ReplicatedTensor is a :class:`~torch.Tensor` subclass, and it could be used together with ShardedTensor/Tensor together to express different types of computation. The inter-op rules defined as (using torch.add as an example op):
ReplicatedTensor + ReplicatedTensor = ReplicatedTensor
ReplicatedTensor + torch.Tensor = torch.Tensor
ReplicatedTensor + ShardedTensor = ShardedTensor
We also added a `validate()` API to help user validate if a replicated tensor on certain process_group is truly replicated or not.
TODO: next PR gonna add ShardedTensor/PartialTensor logic to handle ReplicatedTensor.
ghstack-source-id: 152064781
Test Plan: test_replicated_tensor
Reviewed By: pritamdamania87, fduwjj
Differential Revision: D34529374
fbshipit-source-id: 16ccb300e9f9c47ac29a17eb6d46d029ab7d60b8
(cherry picked from commit 44f4e11e795a1bf330a8108bda256950ca769525)
diff --git a/test/distributed/_shard/test_replicated_tensor.py b/test/distributed/_shard/test_replicated_tensor.py
new file mode 100644
index 0000000..474fbfb
--- /dev/null
+++ b/test/distributed/_shard/test_replicated_tensor.py
@@ -0,0 +1,76 @@
+# Owner(s): ["oncall: distributed"]
+
+import torch
+
+import torch.distributed as dist
+
+from torch.testing._internal.common_distributed import (
+ requires_nccl,
+ skip_if_lt_x_gpu,
+)
+
+from torch.testing._internal.distributed._shard.sharded_tensor import (
+ ShardedTensorTestBase,
+ with_comms,
+)
+from torch.distributed._shard.replicated_tensor import ReplicatedTensor
+
+
+class TestReplicatedTensor(ShardedTensorTestBase):
+
+ @with_comms(init_rpc=False)
+ @skip_if_lt_x_gpu(4)
+ @requires_nccl()
+ def test_replicated_tensor_basics(self):
+ local_tensor = torch.ones(3, 3, device=f"cuda:{self.rank}") * 4
+ replica_tensor = ReplicatedTensor(local_tensor)
+ print(replica_tensor.process_group)
+ # validate it's a replicated tensor by checking values on all rank
+ validated = replica_tensor.validate()
+ self.assertEqual(validated, True)
+ res = replica_tensor + 2
+ self.assertIsInstance(res, torch.Tensor)

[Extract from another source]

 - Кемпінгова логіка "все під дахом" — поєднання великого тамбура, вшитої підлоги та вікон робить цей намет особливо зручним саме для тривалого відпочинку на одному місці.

+ self.assertNotIsInstance(res, ReplicatedTensor)
+ self.assertEqual(res, torch.ones(3, 3) * 6)
+
+ # modify local tensor on certain rank, and test if validation raise
+ if self.rank == 2:
+ local_tensor += 3
+
+ with self.assertRaisesRegex(ValueError, 'have different values'):
+ replica_tensor.validate()
+
+ @with_comms(init_rpc=False)
+ @skip_if_lt_x_gpu(4)
+ @requires_nccl()
+ def test_replicated_tensor_inter_op_replicated_tensor(self):
+ local_tensor = torch.ones(3, 3, device=f"cuda:{self.rank}")

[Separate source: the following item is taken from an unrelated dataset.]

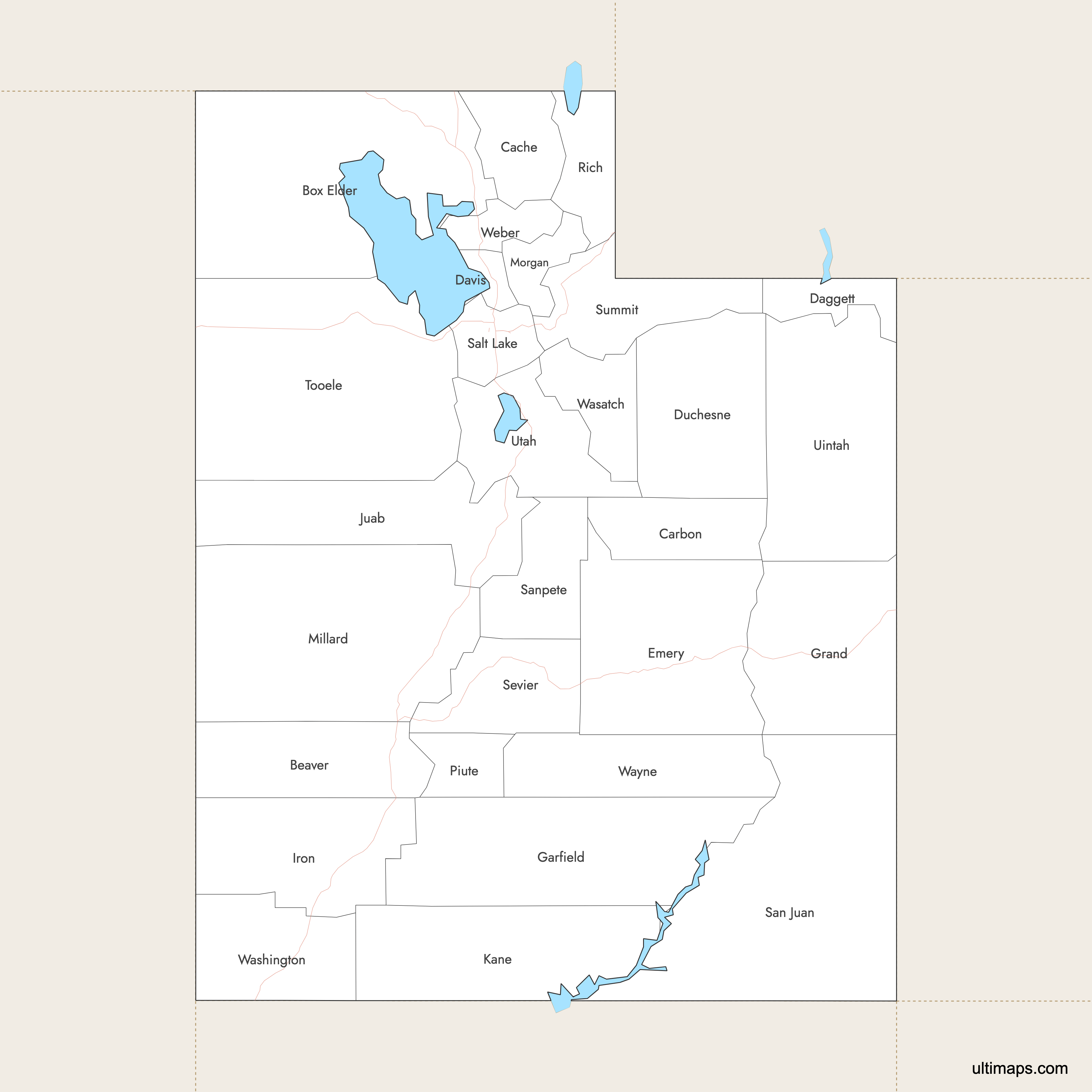 You can download free blank Map of Utah Counties and other maps in high resolution PNG, SVG and PDF formats from the blank maps section of the site: Download Blank Map of Utah Counties
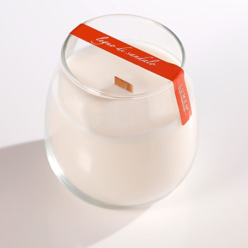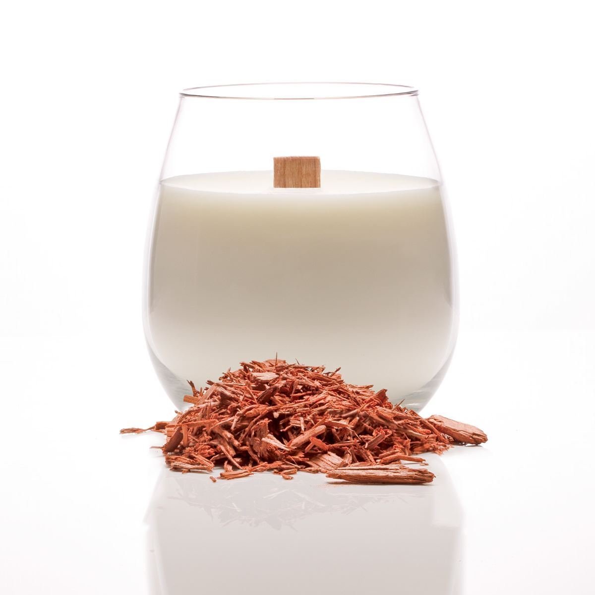 Sandalwood Candle in Vegetable Wax with Wooden Wick SOUND WICK that crackles when lit. Sandalwood is a tree native to Tropical Asia from which the precious oil is extracted. Known in pharmaceuticals for over 4000 years, today it is a leading oil in traditional perfumery. In candles, Sandalwood oil is combined with Cedarwood oil to better convey its resinous and amber note. Scent of creativity, meditation and spiritual serenity.

+ replica_tensor1 = ReplicatedTensor(local_tensor * 4)
+ replica_tensor2 = ReplicatedTensor(local_tensor * 6)
+
+ new_tensor = replica_tensor1 * replica_tensor2
+ self.assertIsInstance(new_tensor, ReplicatedTensor)
+ self.assertEqual(new_tensor, torch.ones(3, 3) * 24)
+
+ # test replicated tensor inter-op with different pgs
+ new_pg = dist.new_group(ranks=[1, 2, 3])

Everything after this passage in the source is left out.